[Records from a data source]
# # # # #

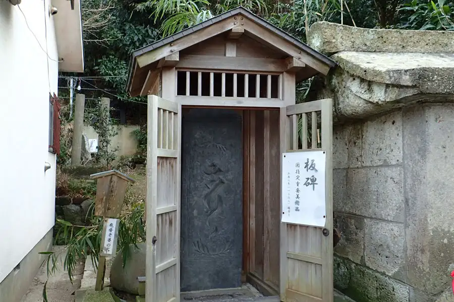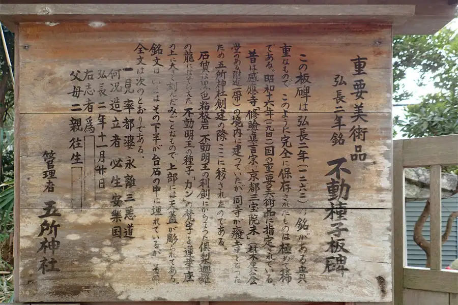 国の重要美術品に指定されている板碑は弘長2年(1262年)の銘があるもので不動明王の種子「カン」の梵字が刻まれたものと言います。
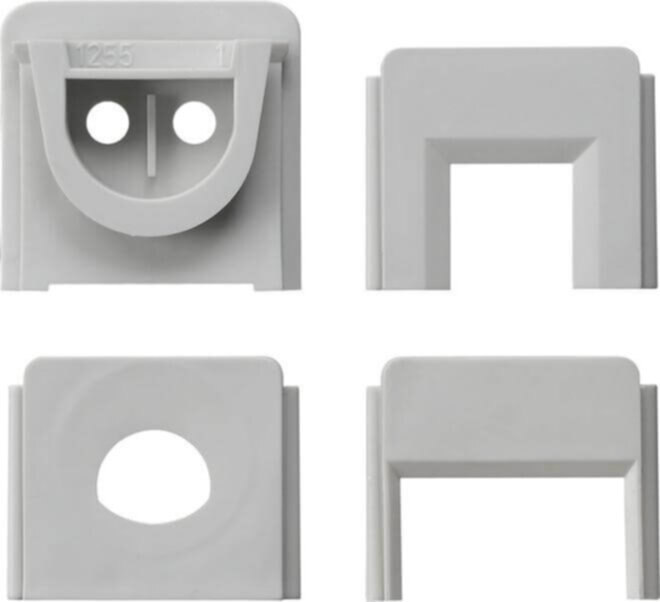 Set mit Adaptern zur Leitungseinführung Grau Set Komplett mit Leitungseinführungen für:{ul}{li}Kanal 15 x 15 mm{/li}{li}Kanal 15 x 30 mm{/li}{li}Rohr bis Ø 20 mm{/li}{li}2fach (Zwillingseinführung){/li}{/ul}
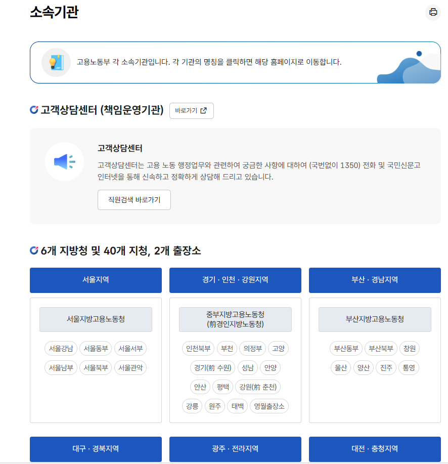 고용노동부 홈페이지에서 관한 고용노동청을 확인하십시오.
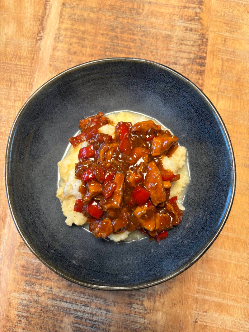 Zet een ruime pan met water op en breng dit aan de kook. Kook de aardappelen 13 minuten en doe dan de bloemkool er bij. Kook dit alles samen vervolgens nog eens 7 minuten. Snijd ondertussen de paprika, snipper de ui en hak de knoflook. Maak de saus van de sweet chili, ketjap Manis, sambal geleek, maizena/bloem en water. Roer dit goed door elkaar heen. Pak een pan, doe hier een 2x spray olijfolie in en fruit de ui en knoflook aan. Voeg de paprika toe en bak dit heel even. Voeg nu de kipfilet toe. Bak tot de kip gaar is. Voeg dan de saus toe, laat het even binden en dan is de hele kip klaar. Maak nu de stampot af. Giet de aardappelen en bloemkool af. Voeg de melk en de ongezouten roomboter toe. Stamp dit door elkaar heen. Breng op smaak met zout en peper. Doe eerst de stampot in een kommetje en doe hierover de hete kip, eet smakelijk!
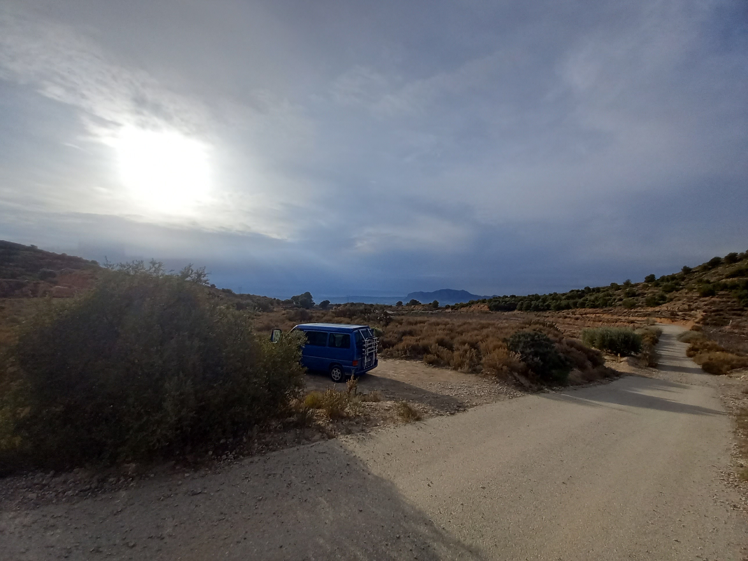 Propre comme des bébés, nous prenons la route de la côte avec l’envie de poser le van en bord de mer. Ce qui, finalement, n’est pas chose aisée dans cette région où l’ensemble du littoral a été sacrifié au profit des installations balnéaires. Nous finirons par trouver un petit coin prisé des camping-cars et des teuffers du côté de Torrenostra. Les teuffeurs situés à 2 km auront oublié d’éteindre la musique en allant se coucher. Il y a eu du bruit toute la nuit. L’avantage de ce lieu, c’est que nous sommes en pleine nature et que le paysage n’est pas vilain… nous donnant une avant goût de la suite de notre voyage, mais ça, nous ne le savions pas encore.
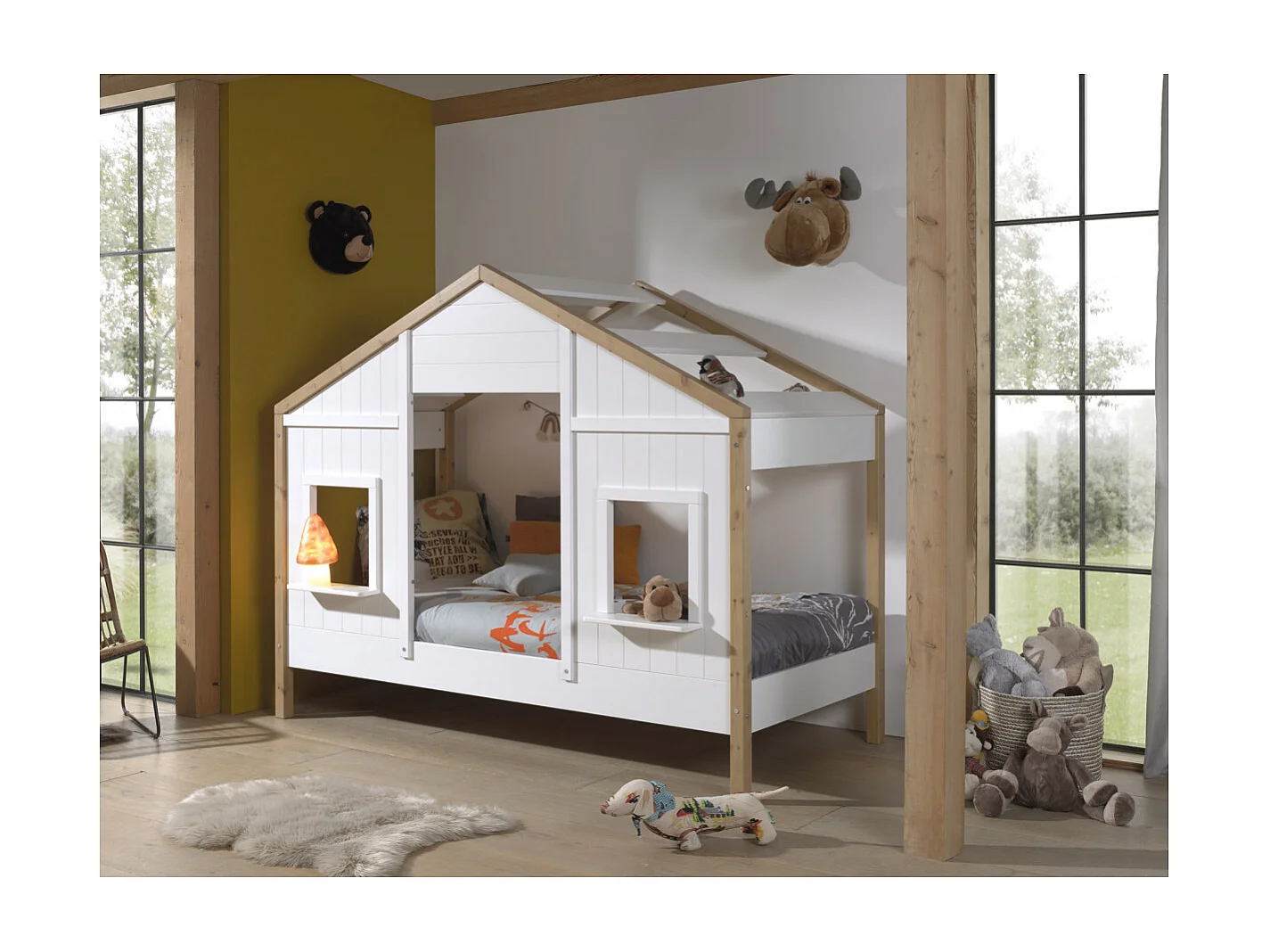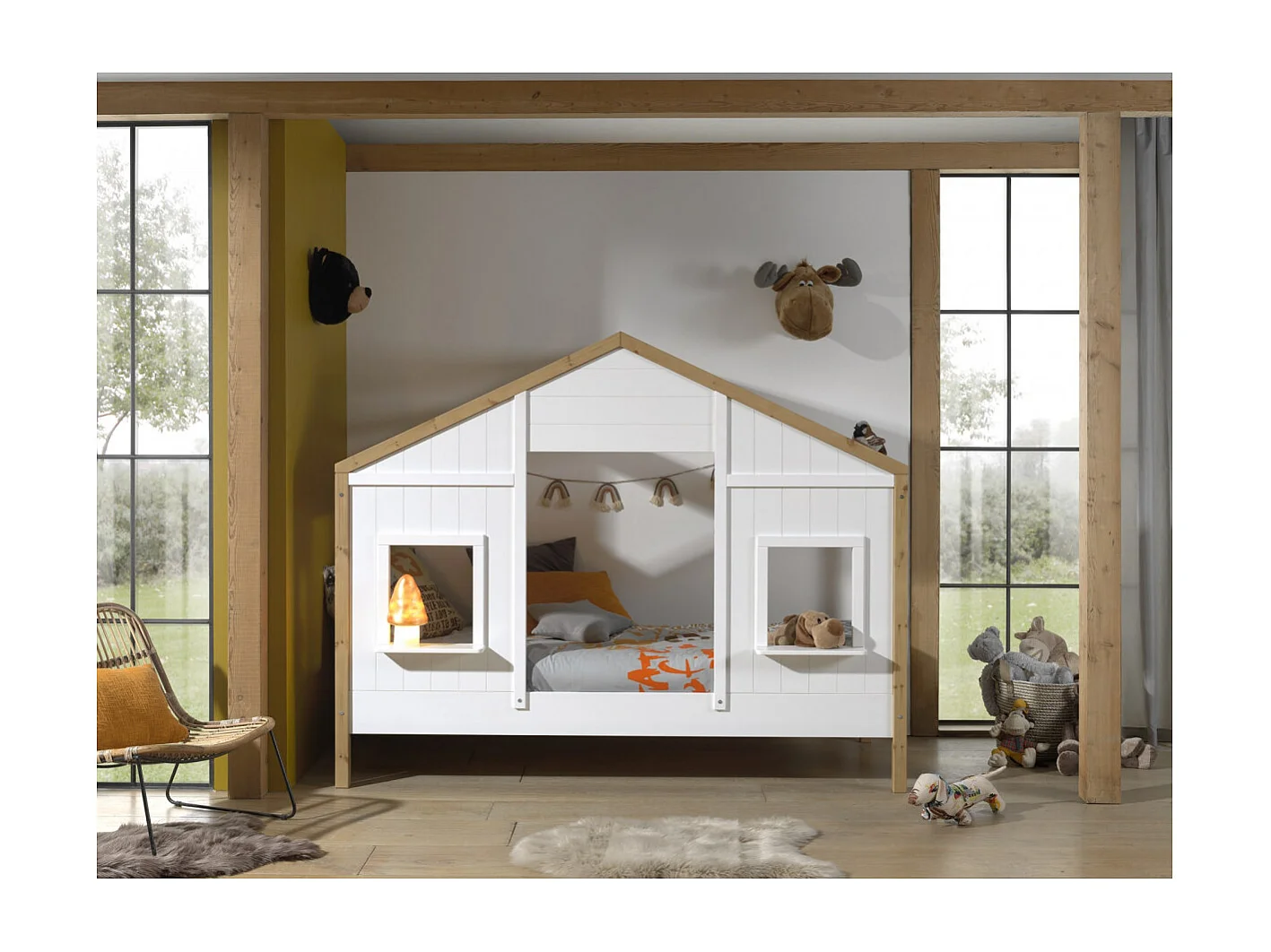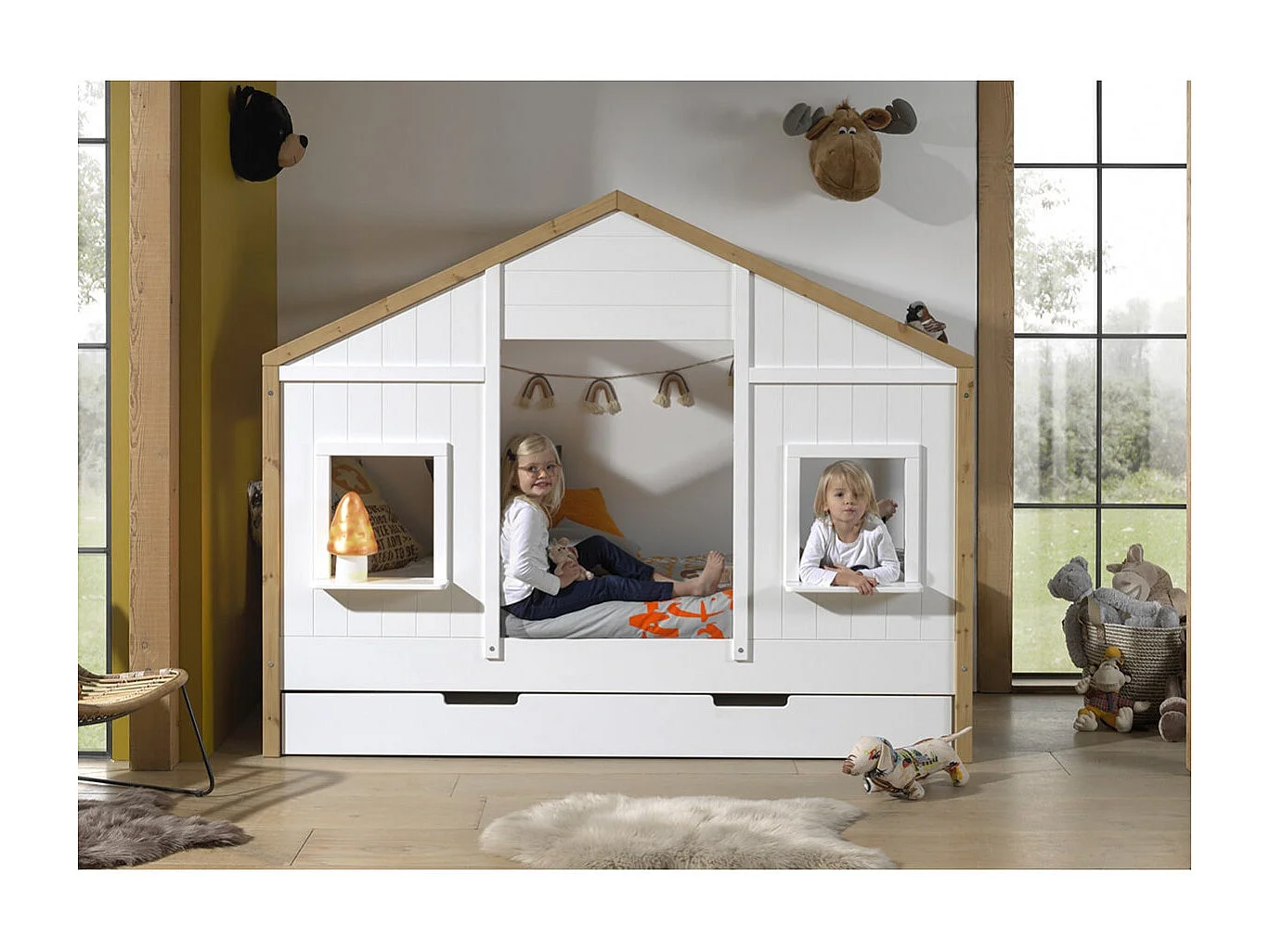 PONGO - Lit Maison 90x200cm Blanc et Pin à 2 Fenêtres + Tiroir
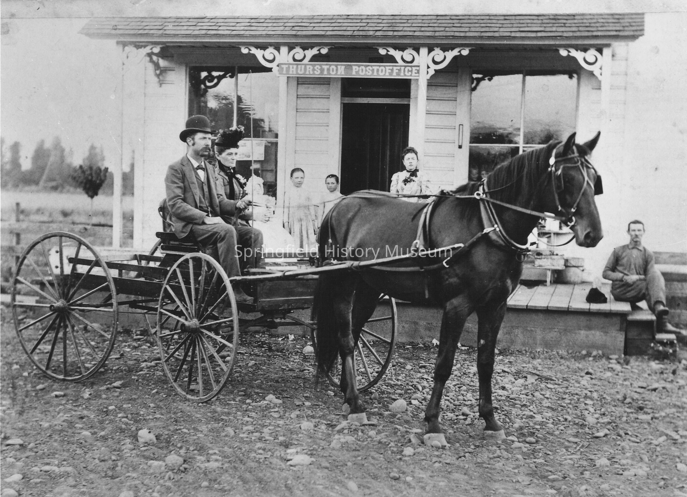 Carriage with a man, woman, and infant in front of Thurston Post Office and Store. Four people are on the porch of the Post Office. One horse hitched to carriage. The "N" in "THURSTON" on the Post Office sign is backwards. Stamped with J.A. Briggs business stamp on back (see photographer info Authority). Undated
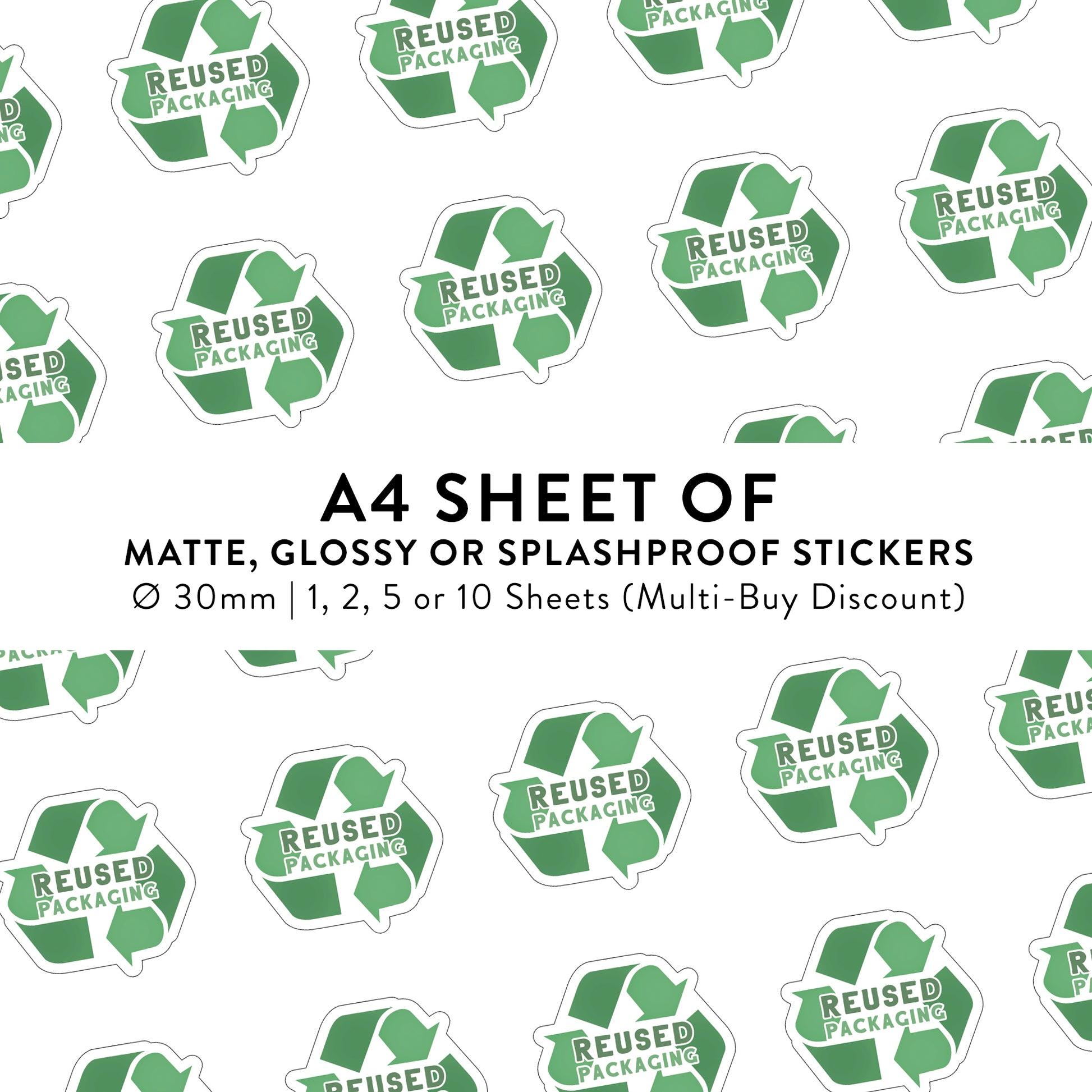 ♻️ A4 Sheet of 35 ø 30 mm Reused Packaging - Matte/Glossy Splashproof Stickers – Business Packaging
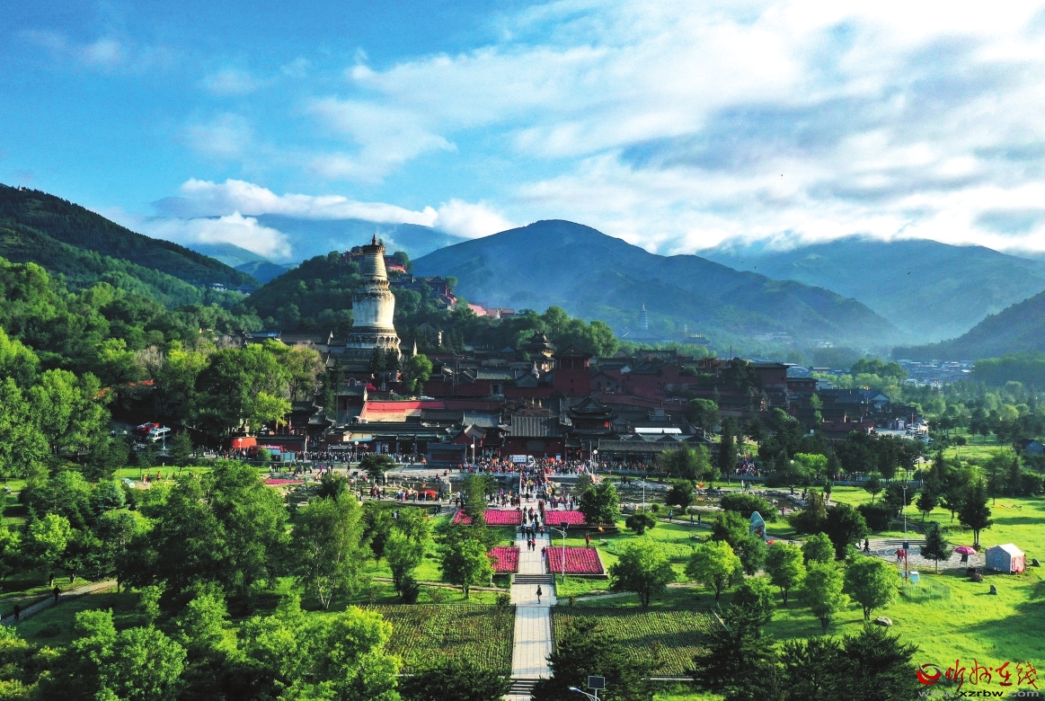五臺山位居中國四大佛教名山之首,被稱為“金五臺”,為文殊菩薩的道場。五臺山并非一座山,它是坐落于“華北屋脊”之上的一系列山峰群,最高海拔3061米。五座山峰環(huán)抱整片區(qū)域,峰頂平坦如臺,故名五臺。又因山上氣候多寒,盛夏仍不見炎暑,別稱清涼山。
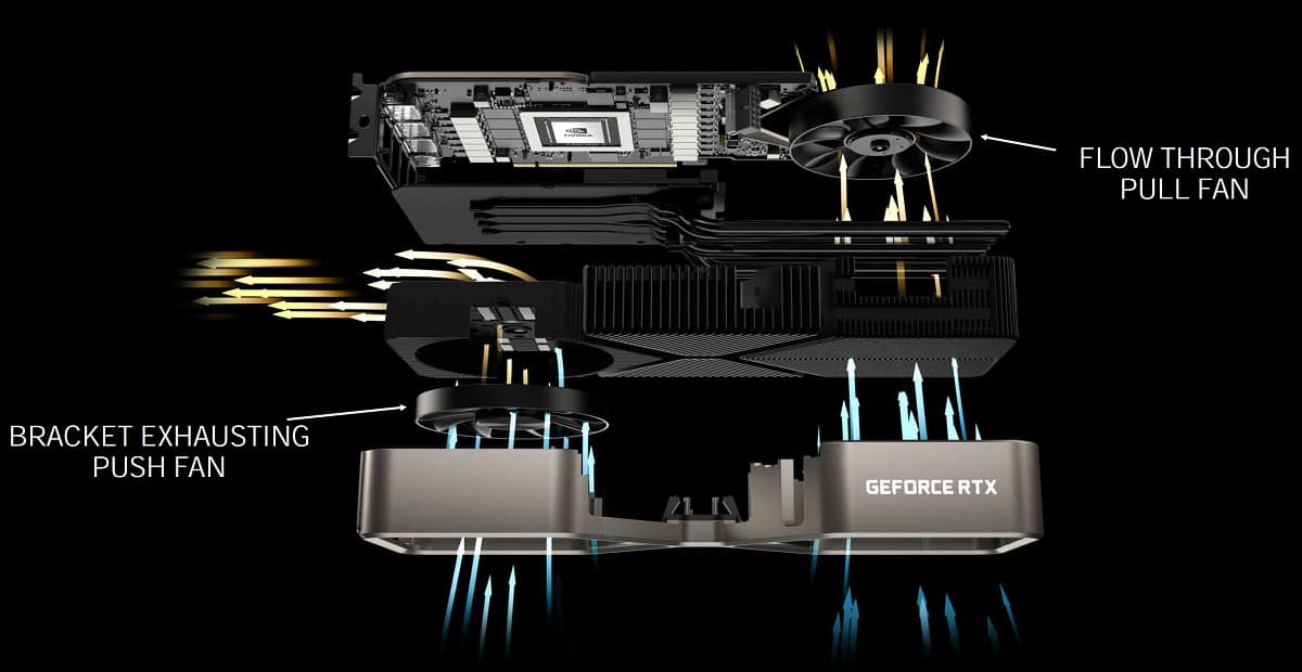 Nvidia выпустила видеокарты новой серии и в собственном дизайне под наименованием Founders Edition. Они предлагают любопытные системы охлаждения и строгий дизайн, которого не найти у большинства производителей видеокарт, гонящихся за количеством и размером вентиляторов, а также разноцветной подсветкой. Самое интересное в GeForce RTX 30, продаваемых под брендом Nvidia — совершенно новый дизайн системы охлаждения с двумя вентиляторами, расположенными необычным образом: первый более-менее привычно выдувает воздух через решетку с торца платы, а вот второй установлен с обратной стороны и протягивает воздух прямо сквозь видеокарту.

# # # # #

DESCRIPTION OF THE TASK → Using the records above, return word for word the lines that begin at the one containing "고용노동부 홈페이지에서 관한 고용노동청을 확인하십시오." and end at the one containing "Zet een ruime", both of them included and no pictures.

WRITTEN REPLY →
 고용노동부 홈페이지에서 관한 고용노동청을 확인하십시오.
 Zet een ruime pan met water op en breng dit aan de kook. Kook de aardappelen 13 minuten en doe dan de bloemkool er bij. Kook dit alles samen vervolgens nog eens 7 minuten. Snijd ondertussen de paprika, snipper de ui en hak de knoflook. Maak de saus van de sweet chili, ketjap Manis, sambal geleek, maizena/bloem en water. Roer dit goed door elkaar heen. Pak een pan, doe hier een 2x spray olijfolie in en fruit de ui en knoflook aan. Voeg de paprika toe en bak dit heel even. Voeg nu de kipfilet toe. Bak tot de kip gaar is. Voeg dan de saus toe, laat het even binden en dan is de hele kip klaar. Maak nu de stampot af. Giet de aardappelen en bloemkool af. Voeg de melk en de ongezouten roomboter toe. Stamp dit door elkaar heen. Breng op smaak met zout en peper. Doe eerst de stampot in een kommetje en doe hierover de hete kip, eet smakelijk!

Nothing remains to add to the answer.